Иногда Сандор не выдерживал, выдохшийся от бесконечной борьбы и неутолимой жажды обладать ею, которая, как бурное море за окном, все налетала и налетала на узкую скалу, одиноко стоящую посреди всего этого безумия — на его желание. Нет, не желание, а, скорее, отчаянное стремление в кои-то веки сделать все правильно. Тогда он отрывал воспаленный взгляд от спящей Пташки и шел на балкон. Пока были сигареты — он курил, жадно затягиваясь, так, что в тишине, прерываемой лишь глухими толчками ночного моря о волнорез, он слышал, как огонь в его сигарете тихо шипит, поглощая бумагу и табак.

Луна белым холодным ликом освещала темно-серое море, и дорожка ее стерильного света морщилась от не прекращающих ни на миг свое движение мелких волн. Волны напоминали Сандору его собственные нынешние мысли и образы — беспорядочные, обрывками путающиеся между собой, в бессмысленной возне налетающие друг на друга.
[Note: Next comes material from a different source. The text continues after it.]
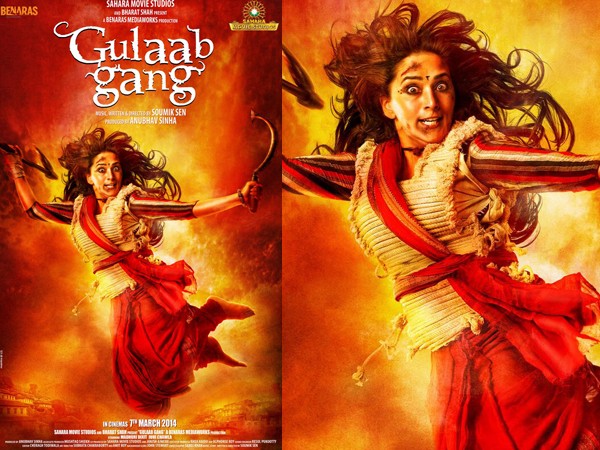 Rajjo, played by Madhuri Dixit is a fearless lady who lives in Madhopur and teaches little girls their alphabets and grown-up girls how to weild a ‘lathi’. Rajjo leads a women’s gang who wears bright pink, oxidized silver and stand up for the downtrodden and against cruel husbands, cops and politicians. Sumitra Devi, played by Juhi Chawla is a politician who is hungry for power and will not even stop at murder for her benefit. The film is a standard good vs evil story. The film is purely fictional and not based on Sampat Pal and the real Gulabi Gang in Bundelkhand. The movie has all the masala like songs, dance, elections, fight and made to empower women against injustice but critics find it illogical and instead recommend to watch ‘Gulabi Gang’ released 2 weeks ago across India at few cinema halls.

И над всеми ними слишком ярким и пугающим его невыносимым образом плыла Пташка — и мелкие эти волны, как ни старались, не могли ни дотянуться до нее, ни даже разбить ее лукавое отражение, змеящееся поверху, ласкающее и дразнящее: вечно вместе — всегда порознь — темная вода — и холодный свет.

Потом сигареты кончились, и спрятались в свои укрытия летучие мыши, что порой просвистывали мимо в поисках запоздалого ужина, и луна вдруг заволновалась, смутилась, запутываясь, как в простынях, в длинных обрывках ночных облаков, и постепенно уползла за крышу гостиницы, и Сандор уже не видел и ее. Вокруг было серо — небо у смутной линии горизонта почти сливалось с темной водой. Даже таинственная ночная жизнь вокруг замерла — на короткий час затишья перед рассветом. Сандор вернулся в комнату. Там, казалось, стало еще темнее — или так казалось оттого, что луна больше не смотрела своим безумным оком в их окно?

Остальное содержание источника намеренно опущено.